I have a symbolic 10 by 10 matrix. It is not difficult to get the eigenvalue expressions by using Matlab. But the expressions of some eigenvalues are too long to be analyzed. I was wondering if there is a way to analyze the sign of real part of eigenvalues only by observing the matrix since all the entry expressions are pretty simple?

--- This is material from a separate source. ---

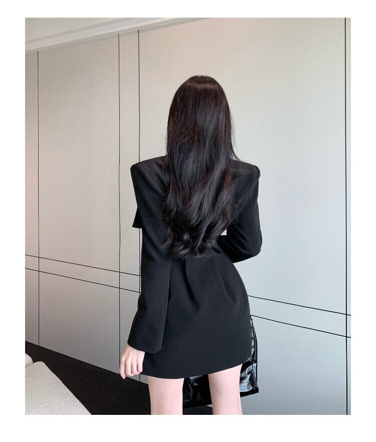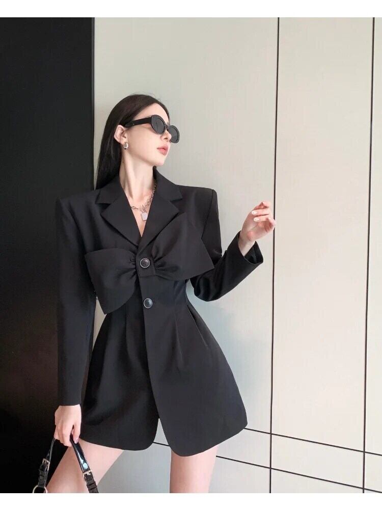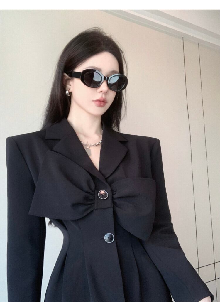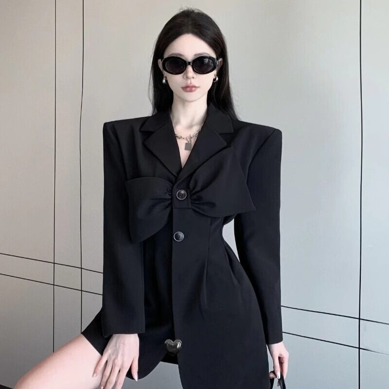 春リボンスタイルラップウエストブラックスーツコート婦人スリムOLブレザー スプリング 春物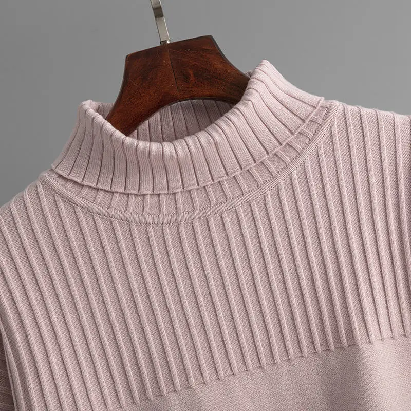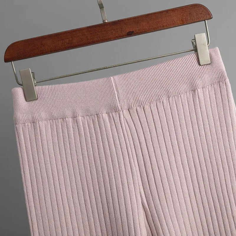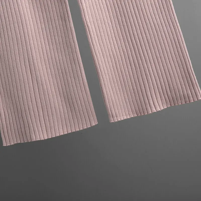 Loose Long Sleeve High Neck Top Wide Leg Pants Ladies Clothing Two Piece Knit Sweater Set

The matrix is like this: \begin{bmatrix} -k_1-p_1\lambda & 0 &0 &0 & 0 &0 &0 &-\lambda^2p_1 &0 &0\\ 0 & -k_2-p_2\lambda & a_{13}\omega &0 & 0 &0 &0 &0 &-\lambda^2p_2 &0 \\ 0 &a_{12}\omega & -k_3-p_3\lambda &0 & 0 &0 &0 &0 &0 &-\lambda^2p_3\\ -\frac{\sin{\theta}}{2} &0 &0 &0 &-\frac{\omega}{2} &0 &0 &0 &0 &0\\ \frac{\cos{\theta}}{2} &0 &0 &\frac{\omega}{2} &0 &0 &0 &0 &0 &0\\ 0 &\frac{\cos{\theta}}{2} &-\frac{\sin{\theta}}{2} &0 &0 &0 &\frac{\omega}{2}&0 &0 &0\\ 0 &\frac{\sin{\theta}}{2} &\frac{\cos{\theta}}{2} &0 &0 &-\frac{\omega}{2}&0 &0 &0 &0\\ -1 &0 &0 &0 &0 &0 &0 &-\lambda &0 &0\\ 0 &-1 &0 &0 &0 &0 &0 &0 &-\lambda &0 \\ 0 &0 &-1 &0 &0 &0 &0 &0 &0 &-\lambda \end{bmatrix}.
Thanks.
Arrange the rows and columns in the order $1,8,4,5,2,3,9,10,6,7$. Your matrix is permutation-similar to the direct sum of $$ A=\left[\begin{array}{cc|cc} -k_1-p_1\lambda &-\lambda^2p_1 &0 &0\\ -1 &-\lambda &0 &0\\ \hline -\frac{\sin{\theta}}{2} &0 &0 &-\frac{\omega}{2}\\ \frac{\cos{\theta}}{2} &0 &\frac{\omega}{2} &0\\ \end{array}\right] $$ and $$ B=\left[\begin{array}{cccc|cc} -k_2-p_2\lambda & a_{13}\omega &-\lambda^2p_2 &0 &0 &0\\ a_{12}\omega & -k_3-p_3\lambda &0 &-\lambda^2p_3 &0 &0\\ -1 &0 &-\lambda &0 &0 &0\\ 0 &-1 &0 &-\lambda &0 &0\\ \hline \frac{\cos{\theta}}{2} &-\frac{\sin{\theta}}{2} &0 &0 &0 &\frac{\omega}{2}\\ \frac{\sin{\theta}}{2} &\frac{\cos{\theta}}{2} &0 &0 &-\frac{\omega}{2}&0 \end{array}\right] $$ The eigenvalues of the three $2\times2$ subblocks should be easy to analyse. It remains to find the eigenvalues of the $4\times4$ subblock of $B$.